The Daily Telegraph argued that NATO has a "moral obligation" to aggressively patrol the border and to thwart rebel movements into Macedonia, since that country "harboured ethnic Albanian refugees from Kosovo during Serbian ethnic cleansing, and its territory now provides logistical support" to NATO troops. Meanwhile, the Moscow Times published a blistering editorial blaming NATO for the guerrillas' successes and suggesting that the CIA "secretly supported and trained the ethnic Albanian extremists now behind the insurgencies in Macedonia." Noting official U.S. comments that "Macedonia has yet to seize the attention of the new administration," the editorial concluded:
With a rag-tag "army" of 12,000 or so troops and a few dozen tanks, Macedonia is looking for help. And with NATO unwilling or unable to use its 35,000 troops in the area, and the new U.S. president still learning geography, that duty may fall upon Russia. Putin says something must be done, even if by force. But if Russia finds itself involved in another mountain war against Islamic rebels—this time in the heart of Europe—Washington will have no one else but itself to blame for having to be taught how "to handle" its own proxies.
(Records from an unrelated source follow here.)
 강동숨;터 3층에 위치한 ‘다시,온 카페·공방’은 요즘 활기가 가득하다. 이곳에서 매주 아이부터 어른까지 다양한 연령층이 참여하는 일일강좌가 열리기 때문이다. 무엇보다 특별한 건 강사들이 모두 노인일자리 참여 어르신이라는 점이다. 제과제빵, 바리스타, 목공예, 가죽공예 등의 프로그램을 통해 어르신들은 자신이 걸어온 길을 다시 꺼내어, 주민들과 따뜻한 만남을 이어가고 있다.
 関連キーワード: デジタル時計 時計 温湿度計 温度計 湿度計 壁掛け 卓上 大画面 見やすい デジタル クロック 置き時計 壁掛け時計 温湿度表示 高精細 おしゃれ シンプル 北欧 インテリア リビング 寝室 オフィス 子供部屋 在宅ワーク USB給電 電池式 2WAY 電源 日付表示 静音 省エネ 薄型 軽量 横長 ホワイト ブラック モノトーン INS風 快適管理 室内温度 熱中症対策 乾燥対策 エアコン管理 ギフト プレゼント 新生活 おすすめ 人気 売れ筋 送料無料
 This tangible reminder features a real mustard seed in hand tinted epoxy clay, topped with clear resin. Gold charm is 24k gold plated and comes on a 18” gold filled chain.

Here's to you, Ms. Robinson: The Swiss press lamented Mary Robinson's decision not to seek a second term as U.N. High Commissioner on Human Rights when her term expires in September. The Tribune de Genève, published in the city the former Irish president has called home since she took the U.N. position in 1997, observed: "Everyone in the field acknowledged her very Irish courage mixed with Anglo-Saxon tenacity. … With Bush's accession to power coming after Putin's and being followed by Ariel Sharon's in Israel, this isn't an auspicious time for human rights." Le Temps, also published in Geneva, was disheartened to note that when "Robinson spoke out for economic and social rights … the West's support gradually waned," and when she charged that political rights were being violated, "governments did their best to deny her the funds she needed." As far as an Irish Times op-ed was concerned, bureaucracy and inadequate funding are responsible for her departure. It concluded, "Can tyrants and despots, bullies and fanatical ideologues sleep easier at night now that she is giving up her UN role? The answer, both from herself and those who know her, is decidedly in the negative: you don't get rid of Mary Robinson that easily."
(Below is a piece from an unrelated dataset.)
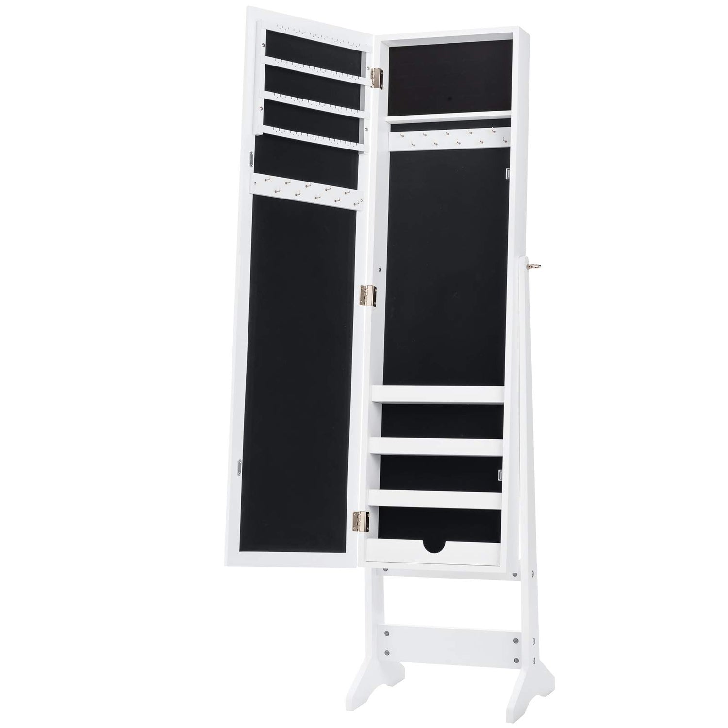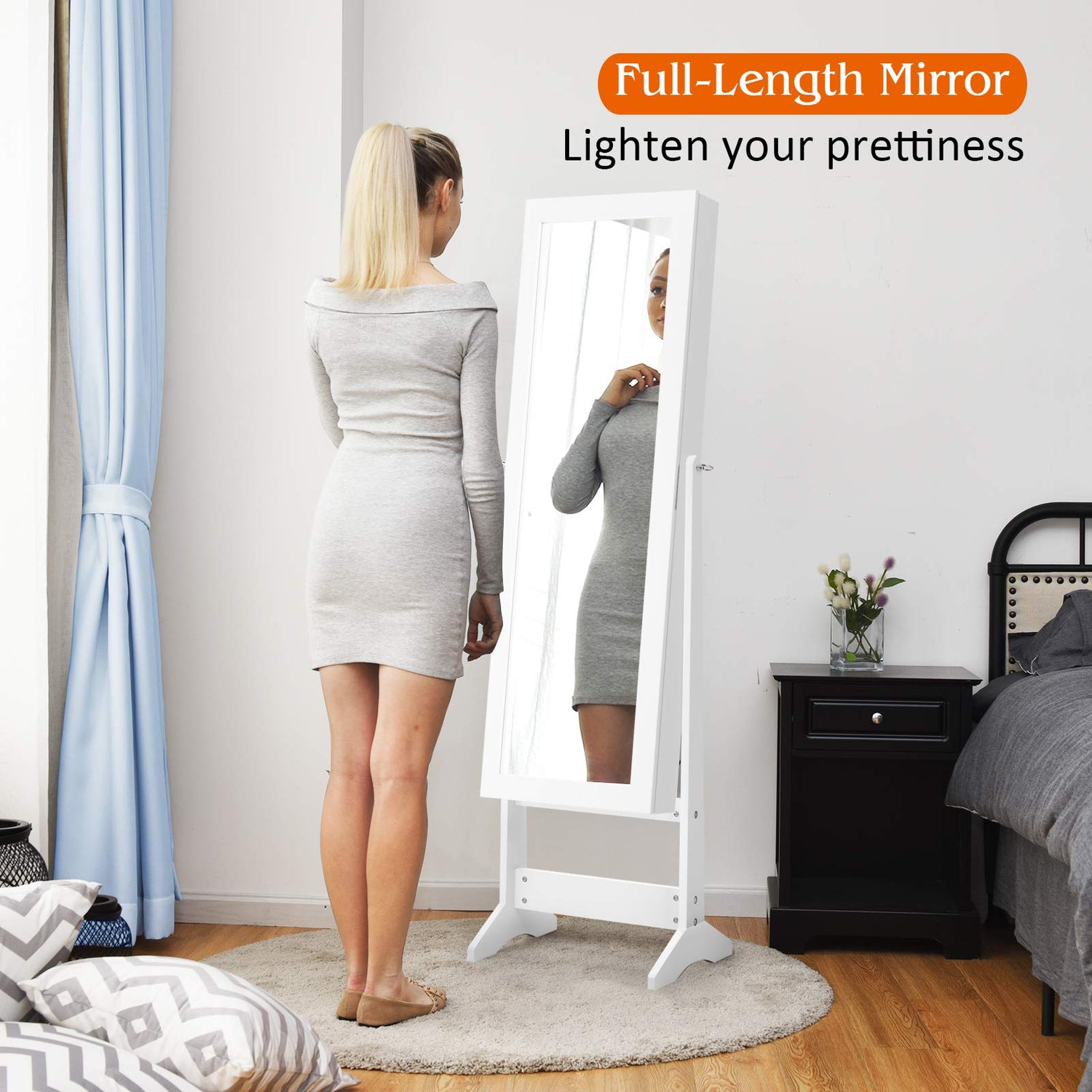 Giantex Jewelry Cabinet with Full-Length Mirror, Standing Jewelry Armoire Organizer with 64 Earring Slots, 20 Necklace Hooks, 72 Ring Slots, 4 Storage Shelves, 3 Angel Adjustable (White)

The ghost in the condom machine: Soon after Hong Kong's South China Morning Post moved its offices earlier this month, staffers reported strange goings-on in the women's bathroom: One staffer heard a voice calling her name, and an artist heard a noise "like a sigh or heavy breathing." So, the paper brought in Buddhist monks to perform a ghost-cleansing ceremony. One of the monks said he "had felt a presence in the female toilets." He told the paper, "There is a strong sense of spirits of the nether world inside. There is simply an absence of life in that room, like a vacuum."
Kangaroo sales jump: The Guardian reports that in the wake of the foot-and-mouth and mad cow disease health scares, the demand for kangaroo meat is going through the roof, making the "kangaroo industry" the fastest-growing rural business in Australia. The meat was described by no less an authority than Le Monde of France as "healthy, tender, and low in fat and cholesterol"; according to the Guardian, it tastes "a little bit like deer." A spokesman for the Kangaroo Industry of Australia told the paper, "It is environmentally wise for us in Australia to produce our food from animals that belong here, rather than use introduced exotics like sheep and cattle which cause considerable environmental damage."